* _Instructions to follow_
Write out the data word for word, taking care that no picture is carried over.

Records from a data collection:
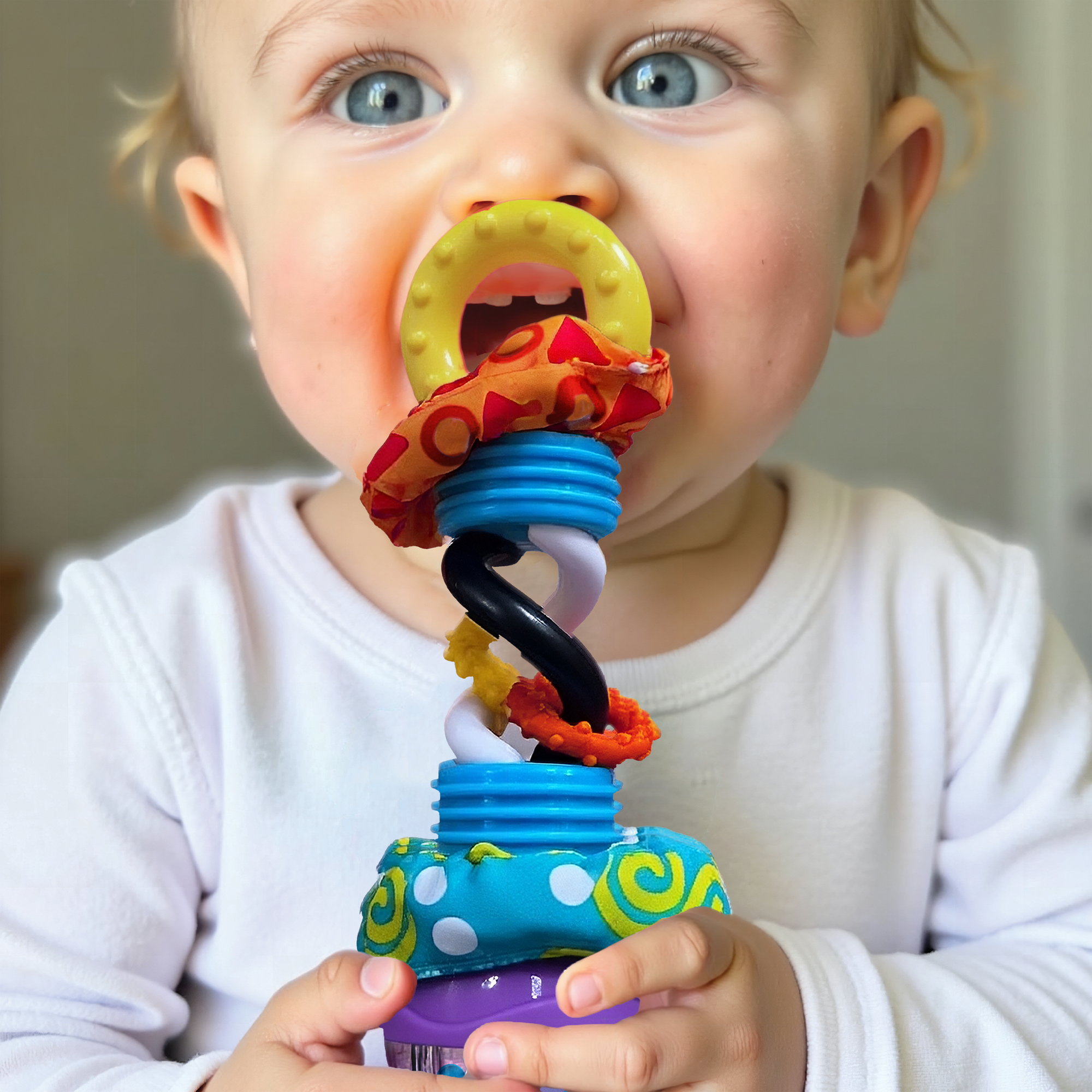 Leksaken är lämplig för bebisar från 3 månader (3m+). Den kan användas som en underhållande aktivitetsleksak i hemmet, på lekfilten eller tas med på språng i vagnen för att hålla barnet engagerat. Låt barnet utforska de olika texturerna, skaka på skallran för att höra ljuden och använda bitringarna för oral stimulans. För att bibehålla god hygien bör leksaken rengöras regelbundet genom att torkas av med en mjuk, fuktig trasa och en mild tvållösning. Produkten ska inte kokas eller sänkas ned helt i vatten, då detta kan skada de inre prasselmaterialen. Läs alltid föreskrifter och bruksanvisningar för produkten innan användning, så att du är väl informerad om både produkten och dess användningsområden.
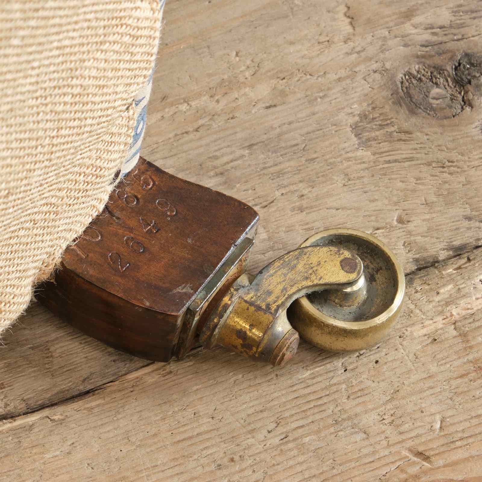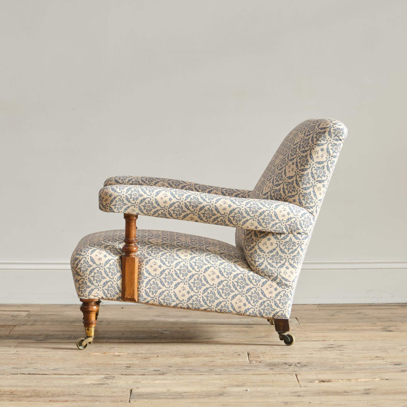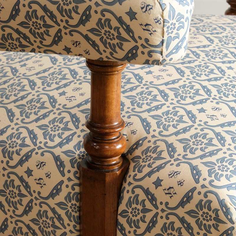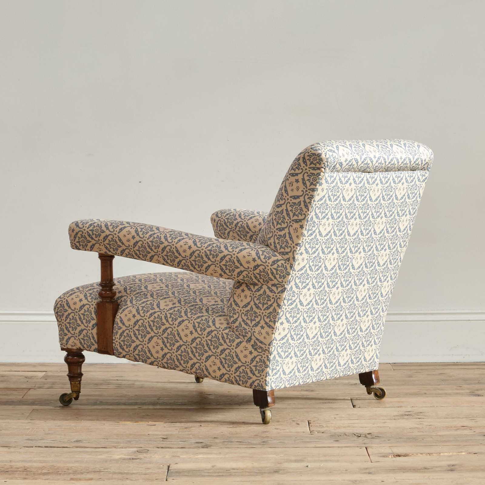 The chair has been fully restored by us from the frame up with brand new seat springs and we have reused the original fillings where possible. It has been covered in a reproduction of the blue and white H&S printed cotton lining ready to be used as is or for you choice of top covering.
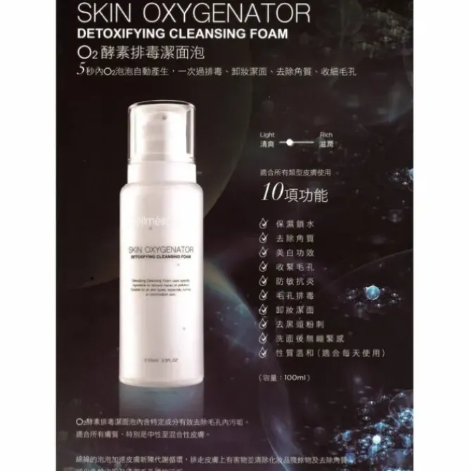 - Skin oxygenator detoxifying cleansing foam formulation, has been especially designedfor a mild but effective cleansing experience, In an inactive stadium this innovative formulation has the appearance of a cleansing mild, when activated with water and massage on the skin the milk turns into a foam.
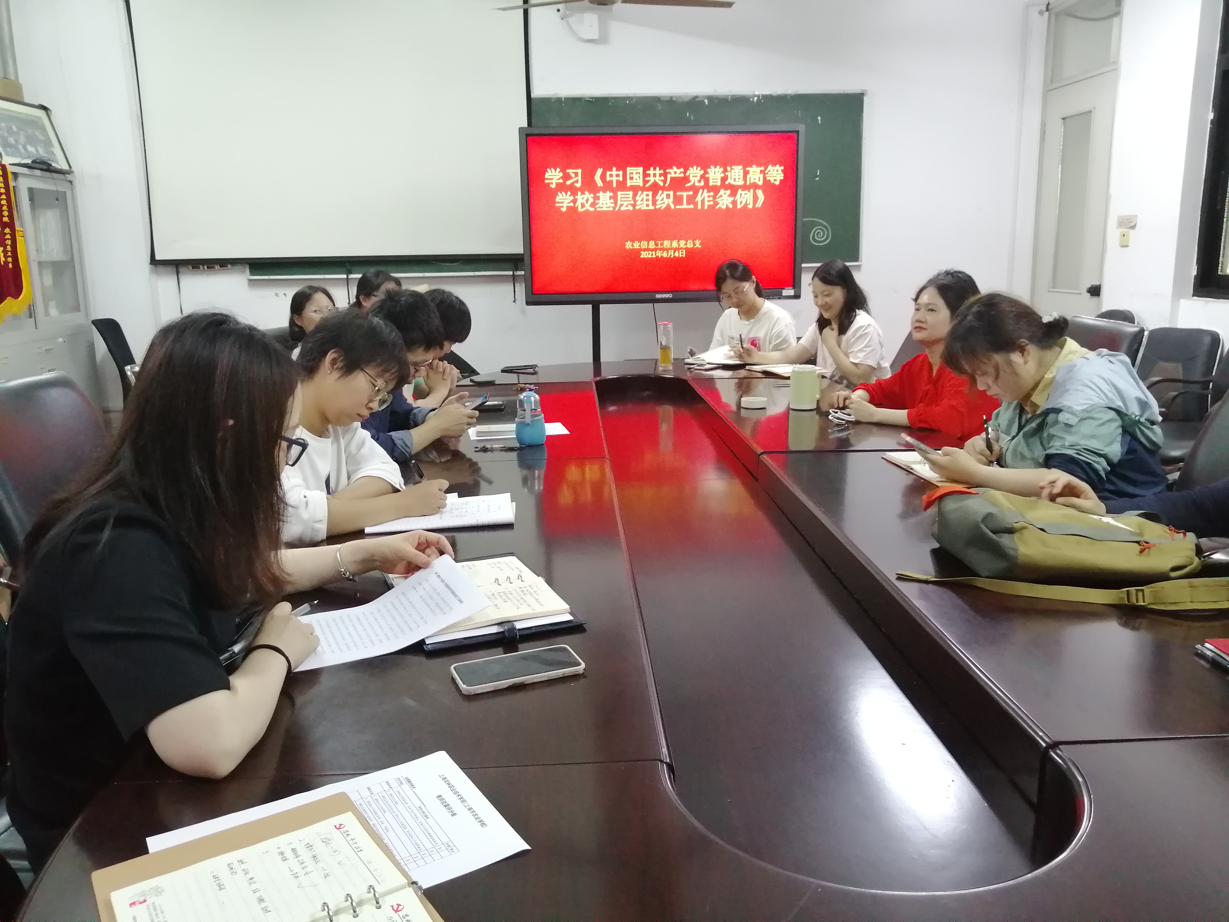 为全面提升新时代基层党组织工作质量,6月4日下午,农信系党总支在农信楼201会议室召开理论学习会,专题学习《中国共产党普通高等学校基层组织工作条例》。会议由农信系党总支副书记陆琳主持,全体党员参加。
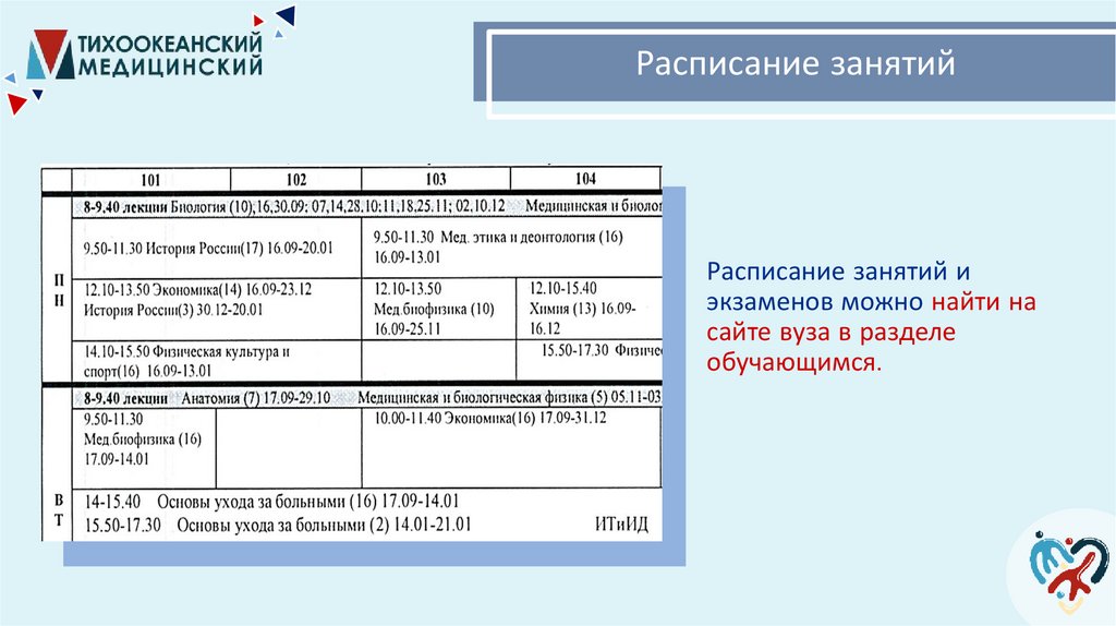Расписание занятийРасписание занятий и

* _Result of this task_
 Leksaken är lämplig för bebisar från 3 månader (3m+). Den kan användas som en underhållande aktivitetsleksak i hemmet, på lekfilten eller tas med på språng i vagnen för att hålla barnet engagerat. Låt barnet utforska de olika texturerna, skaka på skallran för att höra ljuden och använda bitringarna för oral stimulans. För att bibehålla god hygien bör leksaken rengöras regelbundet genom att torkas av med en mjuk, fuktig trasa och en mild tvållösning. Produkten ska inte kokas eller sänkas ned helt i vatten, då detta kan skada de inre prasselmaterialen. Läs alltid föreskrifter och bruksanvisningar för produkten innan användning, så att du är väl informerad om både produkten och dess användningsområden.
 The chair has been fully restored by us from the frame up with brand new seat springs and we have reused the original fillings where possible. It has been covered in a reproduction of the blue and white H&S printed cotton lining ready to be used as is or for you choice of top covering.
 - Skin oxygenator detoxifying cleansing foam formulation, has been especially designedfor a mild but effective cleansing experience, In an inactive stadium this innovative formulation has the appearance of a cleansing mild, when activated with water and massage on the skin the milk turns into a foam.
 为全面提升新时代基层党组织工作质量,6月4日下午,农信系党总支在农信楼201会议室召开理论学习会,专题学习《中国共产党普通高等学校基层组织工作条例》。会议由农信系党总支副书记陆琳主持,全体党员参加。
Расписание занятийРасписание занятий и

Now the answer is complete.